PsycopgInstrumentor wraps every Django ORM cursor — including the cursors PostgresSpanExporter uses to write spans. In tests, this creates a write-amplification feedback loop that materially slows the suite. enable_auto_instrumentation() in instrumentation.py detects pytest (via PYTEST_CURRENT_TEST env var or pytest in sys.modules) and no-ops by default. Override with OTEL_INSTRUMENT_IN_TESTS=1 if a specific test needs the auto-instrumentation surface active.

Golden-signal metrics

Beyond traces, the chat/agent/retrieval code emits counters and histograms via campus_core.observability.metrics.MetricsService (CloudWatch-bound — see Observability Stack). Alarms target these names directly in infrastructure/app/monitoring.tf.

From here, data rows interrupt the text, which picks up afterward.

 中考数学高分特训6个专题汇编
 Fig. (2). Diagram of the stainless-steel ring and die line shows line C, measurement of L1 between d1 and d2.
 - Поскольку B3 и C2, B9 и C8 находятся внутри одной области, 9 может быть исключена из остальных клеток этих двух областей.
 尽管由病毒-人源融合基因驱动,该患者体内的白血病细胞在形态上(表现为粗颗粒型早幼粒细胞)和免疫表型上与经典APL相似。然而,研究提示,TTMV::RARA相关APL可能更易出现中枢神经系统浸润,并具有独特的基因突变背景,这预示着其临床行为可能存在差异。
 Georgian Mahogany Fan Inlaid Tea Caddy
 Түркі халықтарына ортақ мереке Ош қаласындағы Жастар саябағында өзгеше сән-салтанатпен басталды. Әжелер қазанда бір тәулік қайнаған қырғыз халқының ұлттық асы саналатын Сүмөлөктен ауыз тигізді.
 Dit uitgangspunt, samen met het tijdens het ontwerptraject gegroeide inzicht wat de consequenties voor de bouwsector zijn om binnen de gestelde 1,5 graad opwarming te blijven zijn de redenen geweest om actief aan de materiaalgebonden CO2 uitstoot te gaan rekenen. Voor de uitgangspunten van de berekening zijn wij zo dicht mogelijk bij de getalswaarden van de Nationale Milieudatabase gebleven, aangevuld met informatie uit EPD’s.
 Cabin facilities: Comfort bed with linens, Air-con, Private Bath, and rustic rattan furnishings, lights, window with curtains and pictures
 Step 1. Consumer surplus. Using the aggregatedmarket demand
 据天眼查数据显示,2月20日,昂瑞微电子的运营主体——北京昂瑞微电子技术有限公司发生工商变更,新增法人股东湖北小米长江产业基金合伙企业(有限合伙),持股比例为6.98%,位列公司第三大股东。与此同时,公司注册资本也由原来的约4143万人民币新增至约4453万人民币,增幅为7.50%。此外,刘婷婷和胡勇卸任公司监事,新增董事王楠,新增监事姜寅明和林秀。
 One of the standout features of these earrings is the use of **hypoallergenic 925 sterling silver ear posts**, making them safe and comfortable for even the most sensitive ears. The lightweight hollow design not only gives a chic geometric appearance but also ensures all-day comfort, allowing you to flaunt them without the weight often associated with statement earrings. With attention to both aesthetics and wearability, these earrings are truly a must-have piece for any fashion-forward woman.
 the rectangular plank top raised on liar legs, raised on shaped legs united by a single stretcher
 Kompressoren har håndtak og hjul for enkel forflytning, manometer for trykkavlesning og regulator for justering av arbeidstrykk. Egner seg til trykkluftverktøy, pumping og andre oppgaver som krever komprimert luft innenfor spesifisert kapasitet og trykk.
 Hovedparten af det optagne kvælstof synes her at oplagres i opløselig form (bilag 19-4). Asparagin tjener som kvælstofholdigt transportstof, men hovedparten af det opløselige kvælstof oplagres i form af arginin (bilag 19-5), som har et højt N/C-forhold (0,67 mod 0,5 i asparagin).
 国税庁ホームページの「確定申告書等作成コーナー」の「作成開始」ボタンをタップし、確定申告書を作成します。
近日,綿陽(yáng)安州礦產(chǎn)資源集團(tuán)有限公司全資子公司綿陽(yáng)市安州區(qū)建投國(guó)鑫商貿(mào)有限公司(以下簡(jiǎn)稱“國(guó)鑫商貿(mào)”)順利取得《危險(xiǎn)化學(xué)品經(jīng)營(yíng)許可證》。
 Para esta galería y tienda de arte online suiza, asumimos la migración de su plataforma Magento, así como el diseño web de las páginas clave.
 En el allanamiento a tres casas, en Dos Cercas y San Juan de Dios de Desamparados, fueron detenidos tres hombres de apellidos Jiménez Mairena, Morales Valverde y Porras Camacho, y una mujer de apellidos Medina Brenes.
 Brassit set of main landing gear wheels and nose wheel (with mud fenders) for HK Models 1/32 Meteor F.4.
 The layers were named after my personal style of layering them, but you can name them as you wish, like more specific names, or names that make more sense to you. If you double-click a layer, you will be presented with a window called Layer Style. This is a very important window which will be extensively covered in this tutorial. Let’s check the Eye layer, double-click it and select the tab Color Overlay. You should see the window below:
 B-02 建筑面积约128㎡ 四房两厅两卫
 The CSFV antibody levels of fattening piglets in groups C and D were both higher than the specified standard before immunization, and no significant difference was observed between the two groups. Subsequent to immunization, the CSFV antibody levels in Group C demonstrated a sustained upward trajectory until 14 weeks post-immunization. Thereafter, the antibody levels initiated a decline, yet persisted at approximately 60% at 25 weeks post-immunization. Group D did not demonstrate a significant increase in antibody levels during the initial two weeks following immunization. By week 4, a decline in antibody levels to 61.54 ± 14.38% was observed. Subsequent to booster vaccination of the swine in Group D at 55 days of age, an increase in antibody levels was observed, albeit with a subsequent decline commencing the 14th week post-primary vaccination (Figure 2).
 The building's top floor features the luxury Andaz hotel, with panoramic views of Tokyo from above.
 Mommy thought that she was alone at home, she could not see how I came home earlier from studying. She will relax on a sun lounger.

Surface Metric Where emitted
Chat chat.request.count, chat.request.error_count, chat.request.duration_ms chat_service.py::generate_response
Chat chat.steps_per_response, chat.tools_used_per_response chat_service.py::generate_response (on success)
Agent agent.run.count, agent.run.error_count, agent.run.status.<completed\|error\|max_iterations> _emit_agent_metrics in agent_core.py (called from all three terminal paths)
Agent agent.iteration_count, agent.tool_call_count, agent.tokens.input, agent.tokens.output same
Agent agent.no_tool_calls_count same — fires when an agent run completed without ever calling a tool (routing-regression signal)
Tool tool.<name>.success_count, tool.<name>.failure_count, tool.<name>.exception_count, tool.<name>.duration_ms _execute_tool_traced in agent_core.py
Retrieval retrieval.duration_ms, retrieval.request_count, retrieval.result_count retrieval_service.py::retrieve
Retrieval retrieval.empty_result_count, retrieval.error_count same

psycopg v3 + OTel

CampusCore uses psycopg[binary]>=3.2. The matching OTel instrumentor is opentelemetry-instrumentation-psycopg (v3 only — the v2 instrumentor is a separate package, opentelemetry-instrumentation-psycopg2). Together this means every DB query made by Django's ORM or by hand-rolled connection.cursor() blocks becomes an OTel span when auto-instrumentation is active.

If you ever need to revert to psycopg2 (you shouldn't), also swap the instrumentor name in instrumentation.py::_instrument_psycopg or those spans silently disappear from the trace tree.